▶ AIM OF THE TASK: Reproduce precisely the lines of the material below from the line containing "Because the weather" up to and including its last line. Pictures must not be copied.

▶ DATASET SECTION:
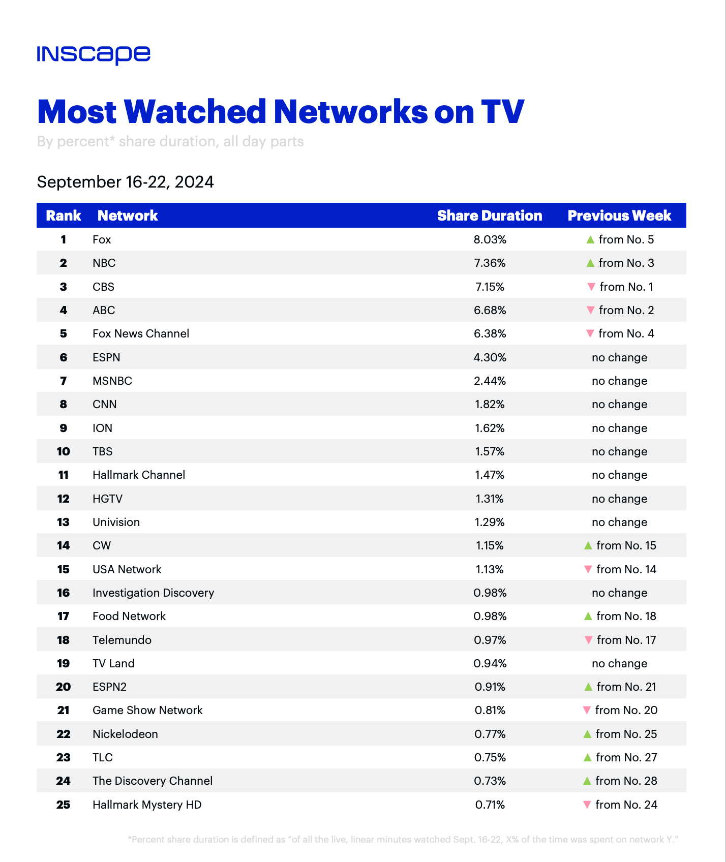 Each week, we highlight the most-watched shows and networks using insights from Inscape, the currency-grade smart TV ACR data provider and data technology division of Vizio. Data is linear, live TV only and includes all episode types (new and reruns). Rankings are by percent share duration (i.e., time spent watching). Here's a look at the top 25 networks by viewership share for September 16-22 — head over to TVREV to see the program ranking and get insights about the top shows by watch-time.
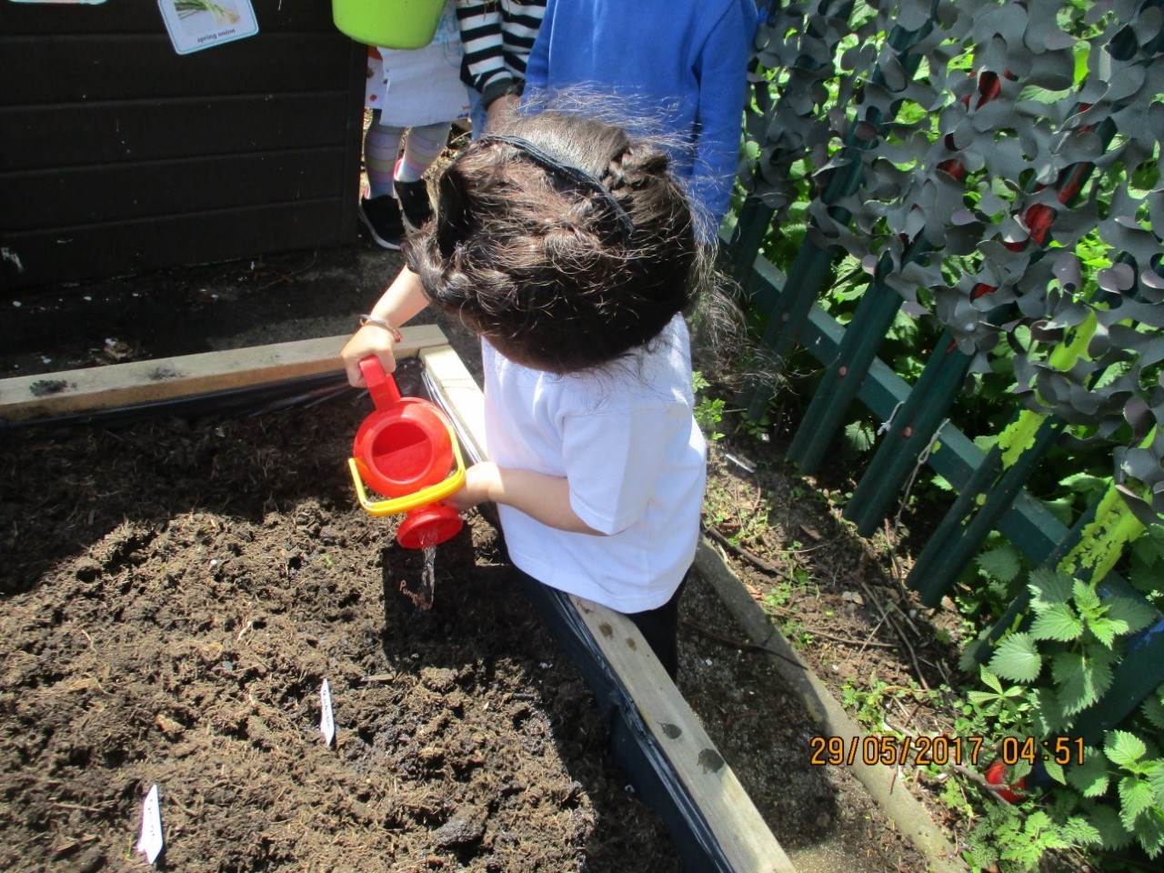 Because the weather this week has been so beautiful, we have spent lots of time tending to the vegetables that we have planted. Our potatoes are now growing very tall and our lettuce is coming along nicely. We have lots of herbs in our Paddock so we have been giving these lots of water too.
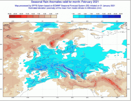 Come vedete, secondo il prestigioso centro di calcolo ECMWF, avremo un febbraio tutt’altro che secco…anzi, sarebbe più piovoso della norma con picchi di precipitazioni notevoli lungo il versante tirrenico. Si tratterà ovviamente non solo di pioggia, ma anche di neve dove le temperature lo consentiranno, quindi sicuramente sui rillievi.
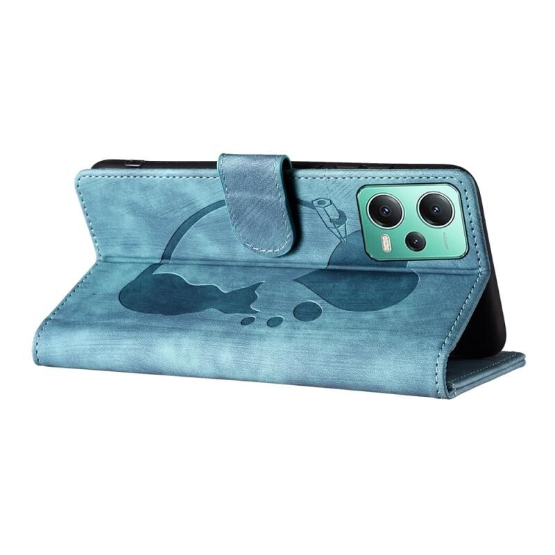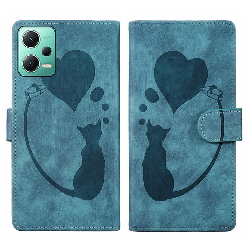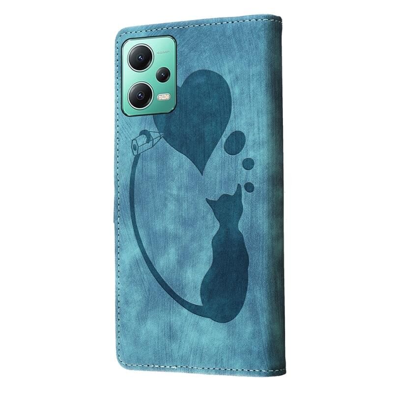 For Xiaomi Redmi Note 12 5G Global Pen Heart Cat Embossed Leather Phone Case(Blue)

▶ RESULT OF THIS EXERCISE:
 Because the weather this week has been so beautiful, we have spent lots of time tending to the vegetables that we have planted. Our potatoes are now growing very tall and our lettuce is coming along nicely. We have lots of herbs in our Paddock so we have been giving these lots of water too.
 Come vedete, secondo il prestigioso centro di calcolo ECMWF, avremo un febbraio tutt’altro che secco…anzi, sarebbe più piovoso della norma con picchi di precipitazioni notevoli lungo il versante tirrenico. Si tratterà ovviamente non solo di pioggia, ma anche di neve dove le temperature lo consentiranno, quindi sicuramente sui rillievi.
 For Xiaomi Redmi Note 12 5G Global Pen Heart Cat Embossed Leather Phone Case(Blue)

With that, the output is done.